Read The Temple of Heart and Bone Online
Authors: S.K. Evren
Troseth staggered from the room,
his hands pulling at the black length of his hair. It was impossible, he
thought, not possible at all. She had been meant for him, made for him.
Providence had decided it. He had worked for it, earned it, deserved it. She
was his! She
belonged
to him!
He returned to his old barracks
and his former quarters. At first, his men were excited to see him. His haunted
eyes, however, brought worry and concern. Their new commander was out for the
night, and the men herded Troseth into his former bedroom.
“Drink,” he demanded in a voice
that brooked no opposition. The men blinked and stared as if they had heard the
wall, itself, talk. “‘Drink,’ I said, damn you all!” The men scattered reaching
into hiding places under mattresses and in old boots.
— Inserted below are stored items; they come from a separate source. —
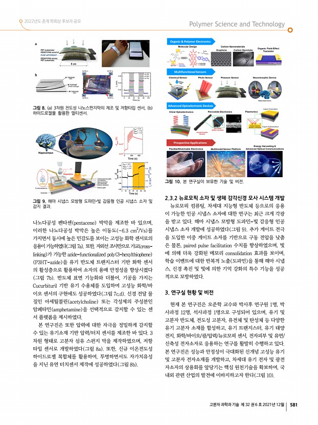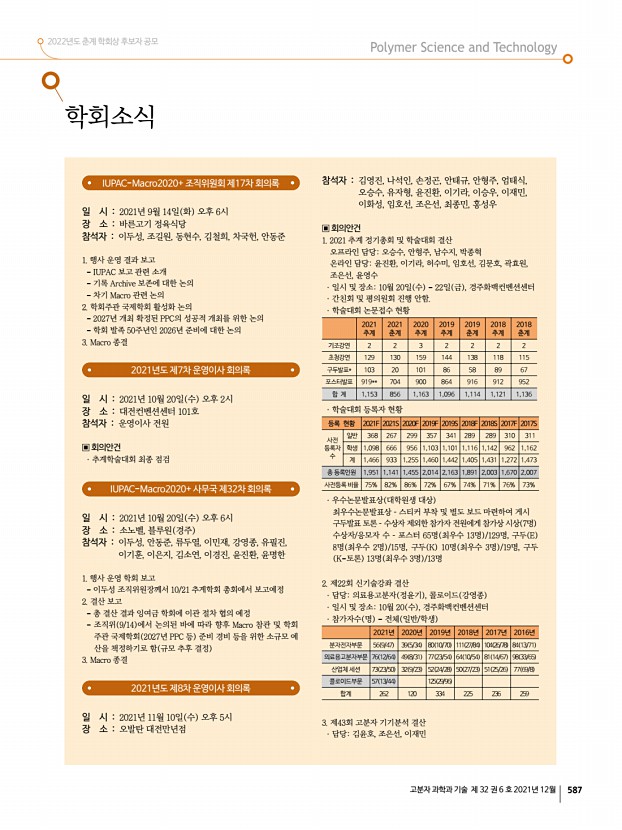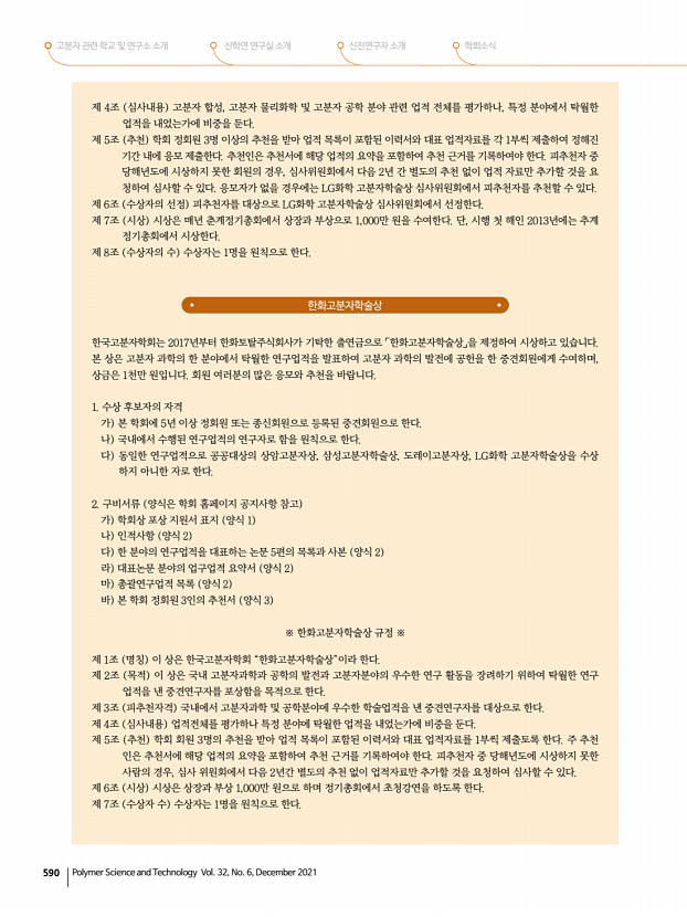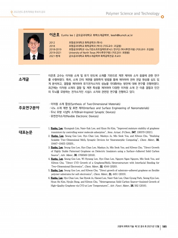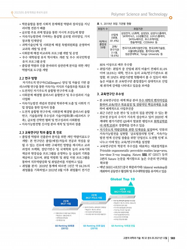 2022년도 춘계 학회상 후보자 공모 고분자 과학과 기술 제 32 권 6 호 2021년 12월 583 취업자 수 취업기관 석/박사 졸업생 59명 산업체 48명, 81.4% 삼성전자, LG화학, 삼성SDI, 삼성디스플레이, SK하이닉스, LG생활건강, LG디스플레이, SK이노베이션, 포스코케미칼, 한솔케미칼, COSMAX 등 교육/ 연구기관 11명, 18.6% 한국기초과학지원연구원, 한국과학기술원, 서울대학교병원, 훗카이도대학, 성균관대학교, Tongji University 등 학문융합을 통한 사회적 문제해결 역량과 창의성을 지닌 표 1. 2019년 취업 기관별 현황 리더형 전문가 배출 글로벌 주요 과제 발굴을 통한 거시적 조감능력 함양 지속가능발전에 기여하는 통섭형 글로벌 리더양성, 가치 창조형 인재양성 과학기술난제 및 사회문제 해결 특별위원회를 운영하여 교과목 개발 및 운영 사회문제 해결 비교과목 프로그램 ...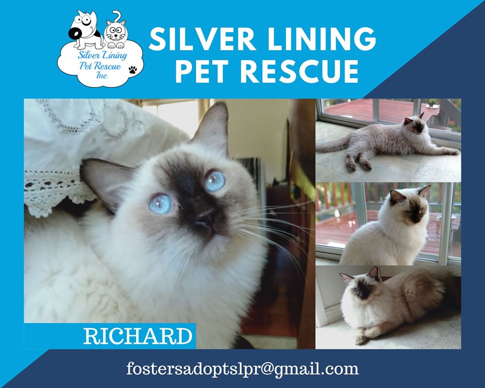 Hi! My name is Richard! I am a handsome Brown Seal Ragdoll x around 2 years old. I am a social boy and just love to have my humans around most of the time as I love company and attention. I quite like the company of men, but anyone can give me tummy rubs and pats, yes I'll take that! I am happier being an only cat as I like to lap up the limelight.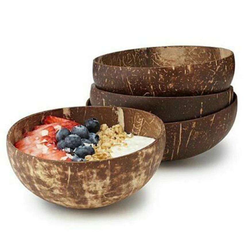 ชุดชามมะพร้าวขัดเงา2ชิ้นชามกะลามะพร้าวธรรมชาติพร้อมหลอดไม้ไผ่และช้อนไม้ของขวัญที่เป็นมิตรกับสิ่งแวดล้อมสำหรับมังสวิรัติ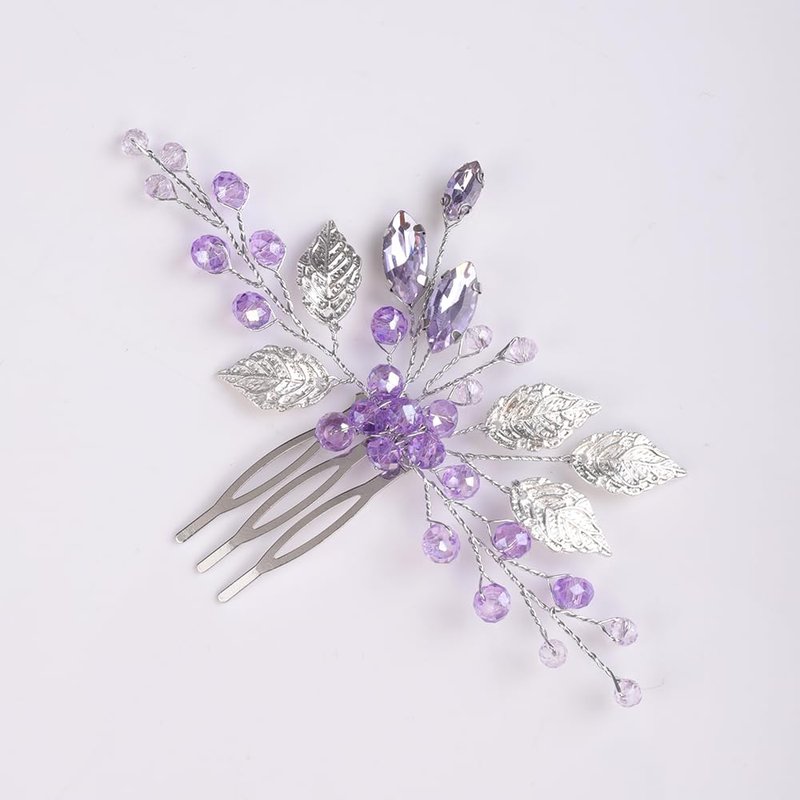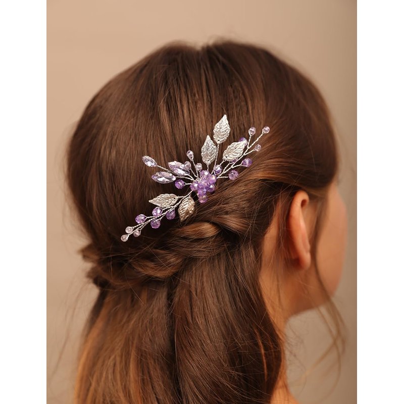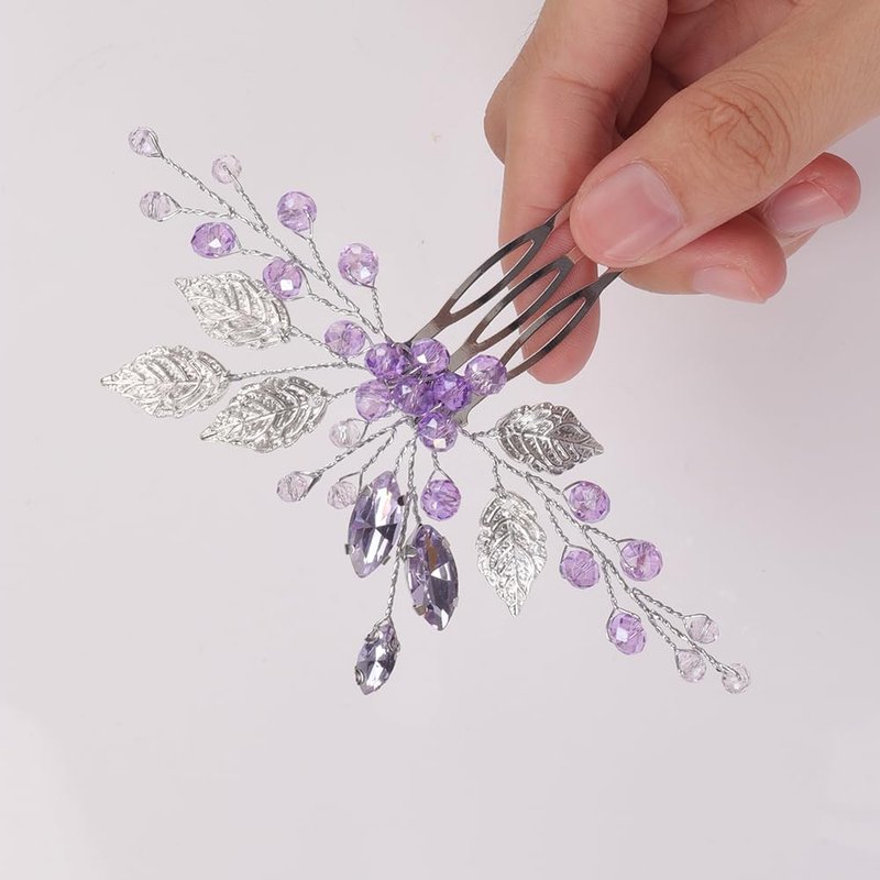 - Simple purple crystal rhinestone hair comb for women party prom wedding and evening,exquisite and unique design,will add more charm for your outfit.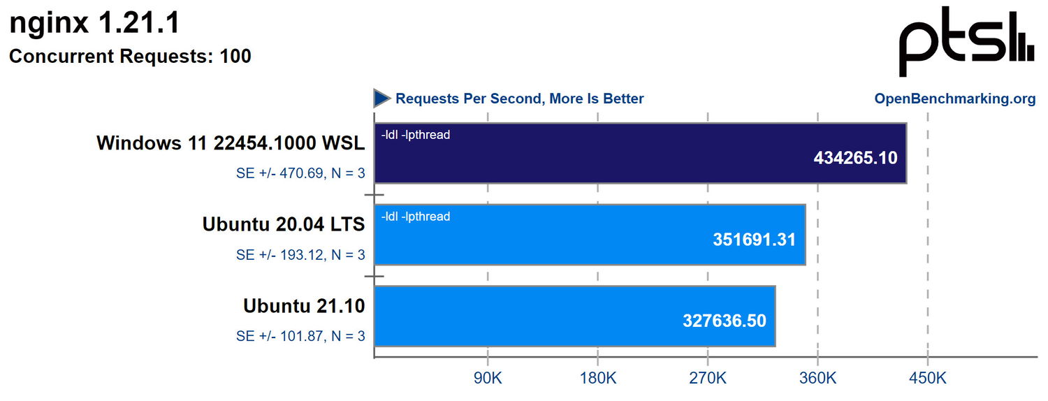 Однако, в некоторых тестах WSL2 с достаточно большим отрывом показывает лучший результат чем Ubuntu 21.10 и 20.04 LTS, например при тестировании веб-сервера Nginx.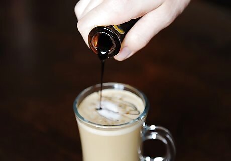 Garnish the latte with more syrup if desired. After you’ve topped the latte with the foam, you can add more of the flavored syrup. Add up to ½ tablespoon (7 ½ ml) over the foam to increase the flavor. You can squeeze the syrup in stripes, zig zags, or even a swirl over the top of the latte to give it a more decorative look.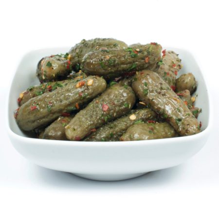 Marinated mini gherkins with herbs. Perfect in Antipasti, sandwiches and salads, our lightly spiced mini gherkins add a deliciously crunchy and piquant accent to any meal.
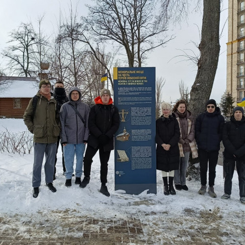 Студентська молодь відвідала меморіал Героїв Небесної Сотні, де поклала квіти та вшанувала загиблих хвилиною мовчання. У щирій і зосередженій атмосфері учасники заходу згадали трагічні події зими 2014 року та висловили вдячність тим, хто став символом незламності українського народу.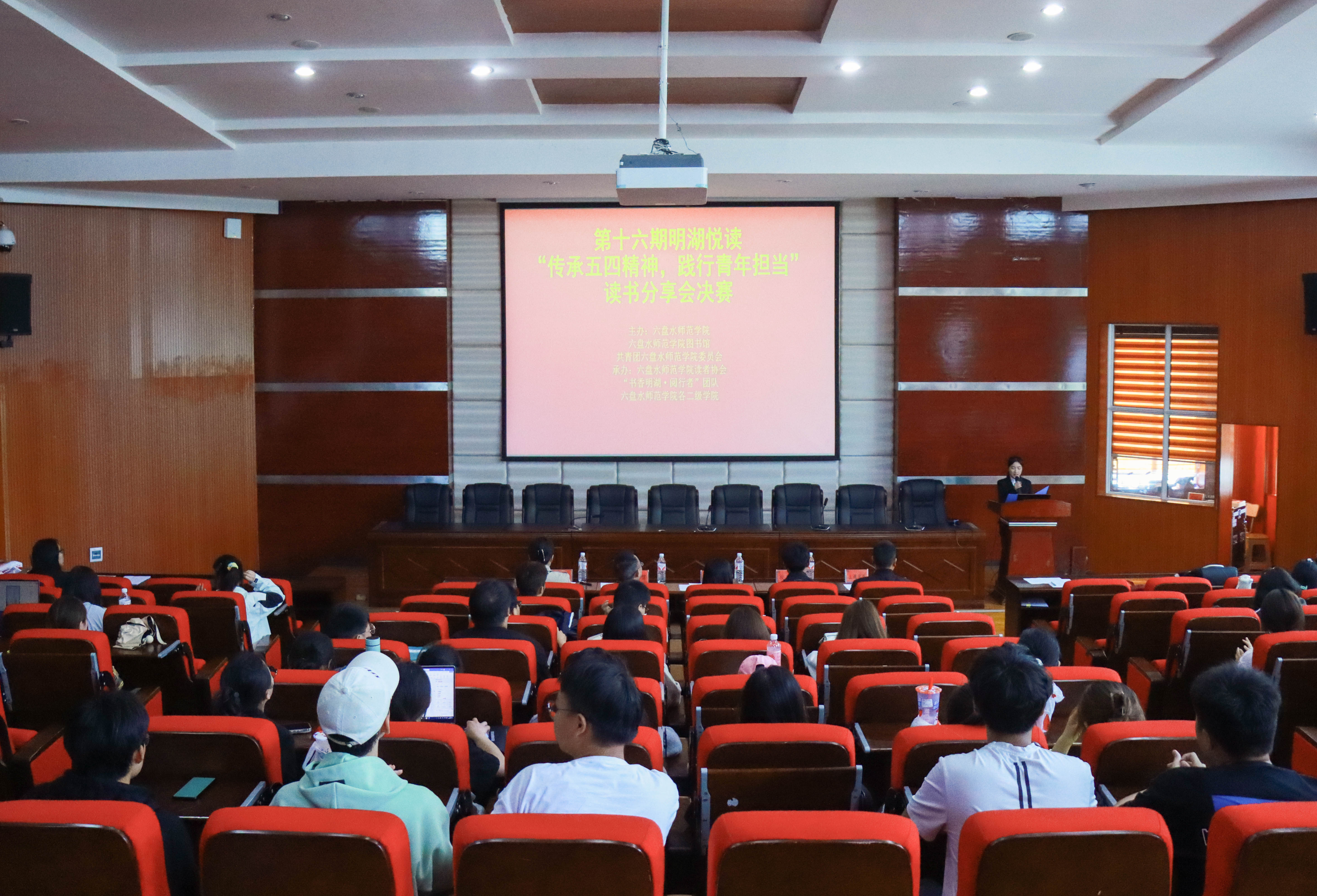 6月6日下午,主题为“传承五四精神,践行青年担当”的第16期“明湖悦读”读书分享会决赛在博学楼知行讲堂举行。学校图书馆副馆长梁斌、党委宣传部文化建设科科长谢春霞、图书馆综合部主任谢文东、党委学生工作部学生资助管理科副科长施毅、团委组织宣传部副部长邓永威担任比赛评委。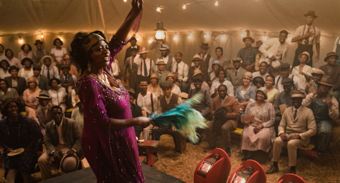 Viola Davis once again does August Wilson proud, this time as real-life ’20s era blues singer Ma Rainy. Bessie Smith ain’t had nothing on Ma. Davis does the impossible with a heartfelt if impeccable portrayal of a no-nonsense character capable of lifting the spirit of a nation. Davis is electric every second she’s onscreen. It will be a sin if Viola Davis doesn’t win a Best Actress Oscar for her indisputably magnificent performance here. You want to talk “scary?” This is nothing but rubber on road baby. Hairs will stand up on the back of your neck.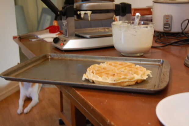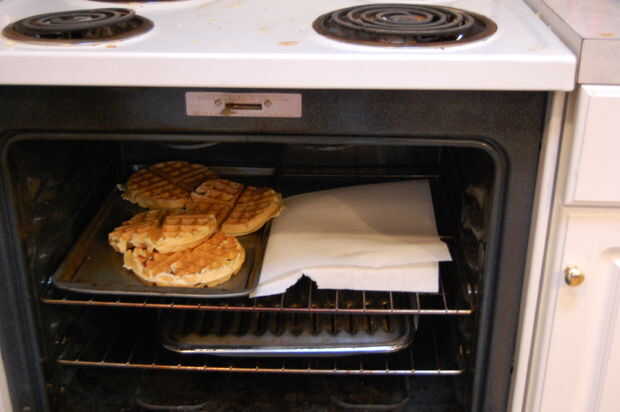 Si usted está haciendo waffles múltiples, se pueden mantener calientes en el horno. Ponerlos en una placa para horno y ponerlas en el horno a 170 hasta que estén hechas.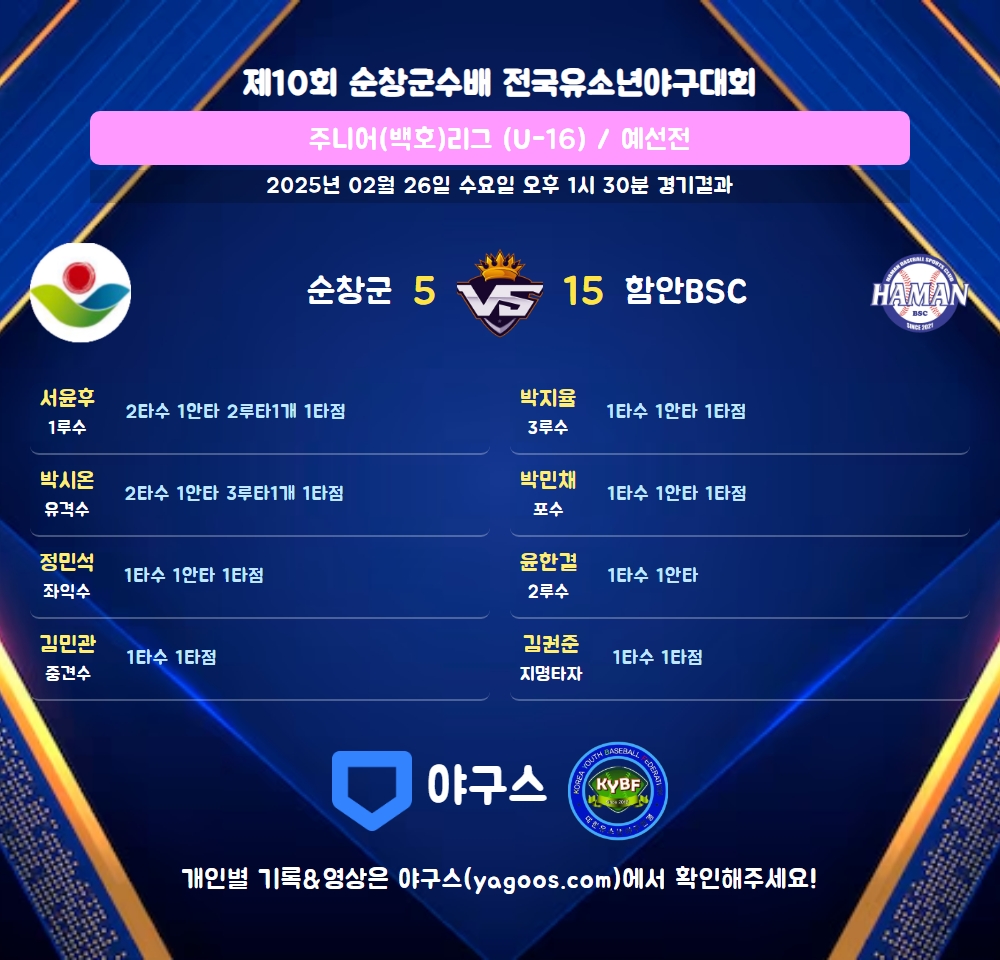 | 함안BSC | 0 | 3 | 0 | 0 | 0 | 0 | 0 | 3 | 3 | 0 | 2 | 1 |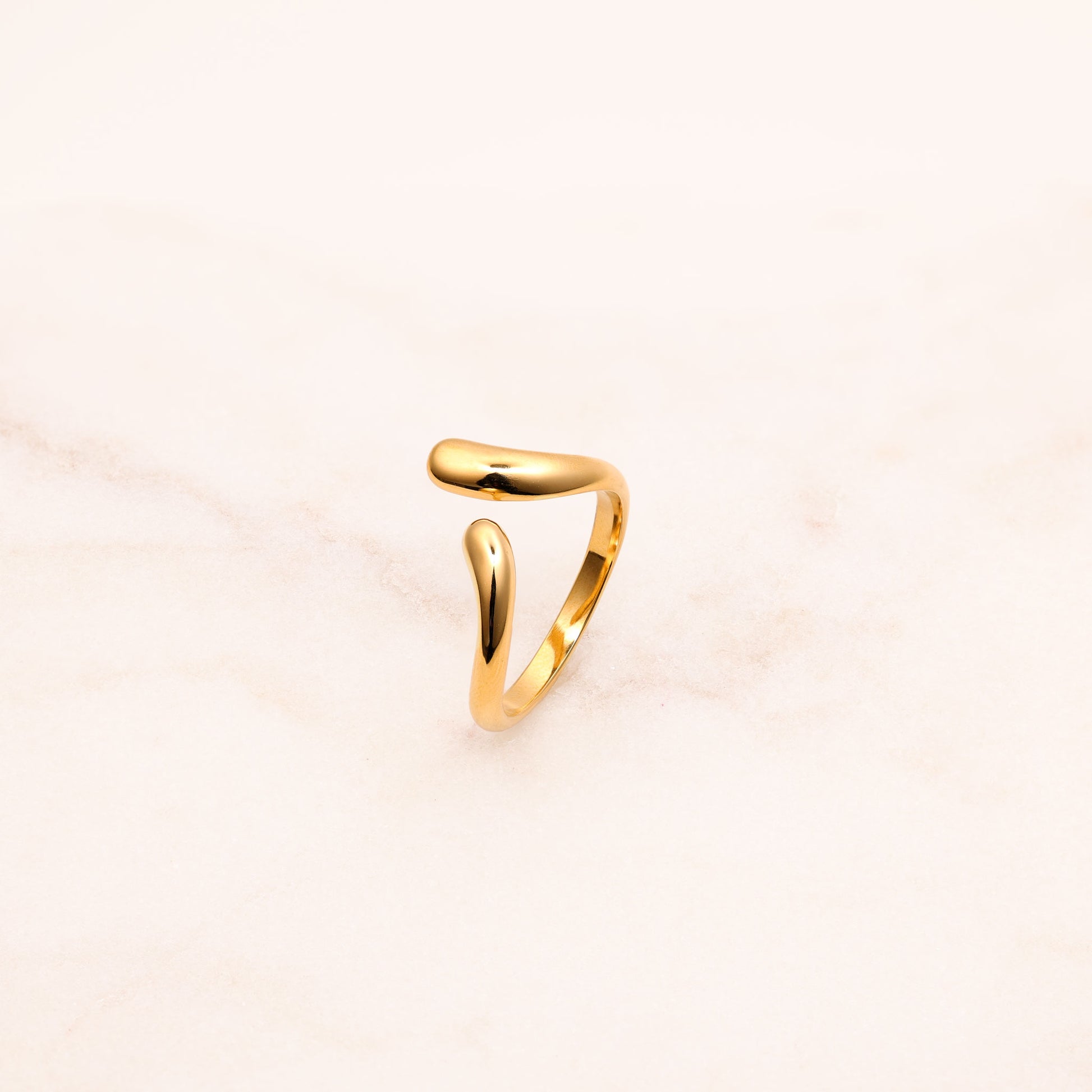 Sleek and sculptural, the Volta ring features a fluid, modern silhouette that wraps gracefully around the finger. Its open-ended design allows for easy adjustment, offering both comfort and style in one bold piece. Crafted from premium stainless steel and coated in 18ct gold with a polished PVD finish, made to shine from every angle.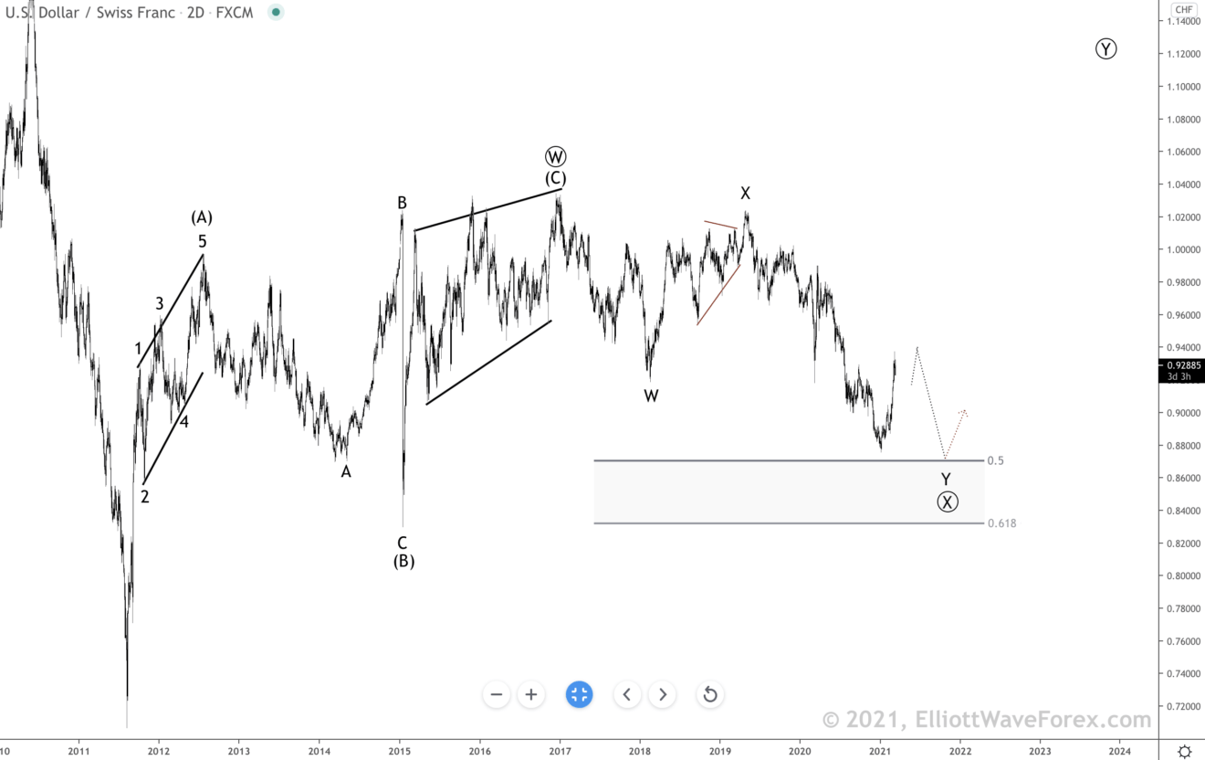 It seems like wave B is taking the form of a zigzag. If correct, the market should finish an upward impulse for wave ((a)) before wave ((b)) of B begins. Broadly, as shown on the two-day chart below, we’re likely going to have the rest of wave Y of ((X)), which might take a couple of months.

Alcohol was forbidden in
the barracks, though Troseth had always known about it. They brought him
several bottles and he drained one in a single attempt. The men continued to stare
in disbelief. The bottle he had swallowed wasn’t wine or ale, but potent
spirits. He looked around for other bottles, but the men quickly hid them
behind their backs.
They stared at him in amazement,
wondering what would happen to their former commander. He caught the look in
their eyes, each staring at him as if he had swallowed a bottle of poison.
Concern tried to establish itself in his mind, but it failed. The world spun
around him and his men seemed to undulate like smoke from a funeral pyre. He tried
to stand and felt the world swim away beneath him. A terrible sickness rose in
his stomach and he fought to control it. Pain doubled him over and he fell to
his hands and knees.
The men watched their former
leader, the man who had covered their names in victory and glory, fall before
them. Their eyes showed that he had not simply fallen to the ground, but fallen
from their graces as well. They backed away as if they were observing a man
possessed of something evil. Someone brought him water, but Troseth was too far
gone to see or accept it. He staggered to his feet, only to vomit on himself
and the closest of his former men.
“Married,” he slurred through the
fog in his brain and the liquid in his mouth. “Married,” he tried to say again.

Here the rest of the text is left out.